Mastercard suffers legal setback in European interchange battle

The U.K. Supreme Court has rejected Mastercard’s attempt to force individual lawsuits over claims the card brand overcharged consumers and harmed competition for more than a decade.

The 3-2 ruling grants class action status on a £14 billion (about $18.5 billion) interchange lawsuit that could include more than 46 million consumers. The suit covers a 16-year period from May 1992 to December 2007, the date of the European Commission’s finding that Mastercard intra-European merchant interchange fee restricted competition. The lawsuit does not include business or corporate cards.

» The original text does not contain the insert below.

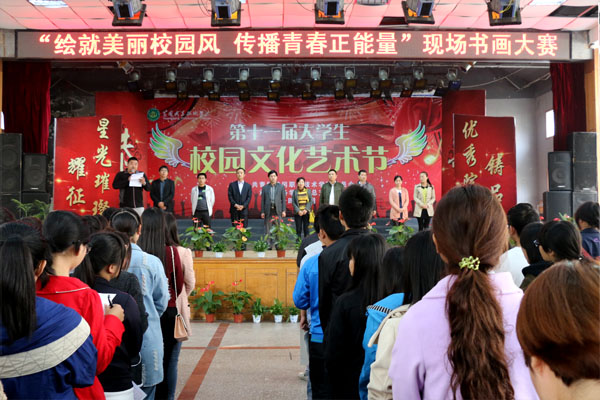 2014年11月1日上午9点,由共青团XK星空委员会主办,电子信息学院团总支承办的,以“绘就美丽校园风,传递青春正能量”为主题的第十一届校园文化艺术节现场书画大赛,在大学生活动中心隆重举行。科研处副处长王银林老师,校团委副书记陈胜红老师和各教学学院团总支副书记以及500多名参赛选手参加了本次大赛开幕式。本次大赛评委由王银林、汲艳蕊、潘春红、李辉担任。开幕式由魏鹏主持。

Walter Hugh Merricks, who served as an ombudsman for U.K. financial services, originally filed the lawsuit in September 2016. The U.K.'s Competition Appeal Tribunal refused class action status and did not certify a collective proceedings order that would have allowed the claimants to demand compensation. The Court of Appeal later ruled in favor of Merricks, finding the tribunal had made five errors of law. Mastercard appealed to the U.K.'s top court, and lost that appeal this week.

mastercard cards
Andrew Harrer/Bloomberg

The Supreme Court reiterated the European Commission’s findings of 2007 that consumers are likely to bear some part of Mastercard’s interchange regardless of the form of payment, including other cards or cash. That means consumers do not have to be Mastercard cardholders to be part of the class action.

In an earlier case, Mastercard unsuccessfully challenged the European Commission's 2007 findings on interchange, then switched legal strategy to withhold class action status, potentially reducing the scale of legal action since claimants would have to file separate lawsuits. After this week's ruling, consumers may still opt out of the class action suit and sue Mastercard separately.

The U.K. Supreme Court issued a similar judgment in June when merchants prevailed in a legal battle with Visa and Mastercard over whether interchange fees were anticompetitive. In that case, the court rejected appeals by Visa and Mastercard, unanimously ruling that multilateral interchange fees the card networks charged in the U.K. restricted competition. This decision cleared the path for merchants to attempt to obtain some or all of the interchange fees paid, which could be as much as an estimated £19 billion ($25 billion).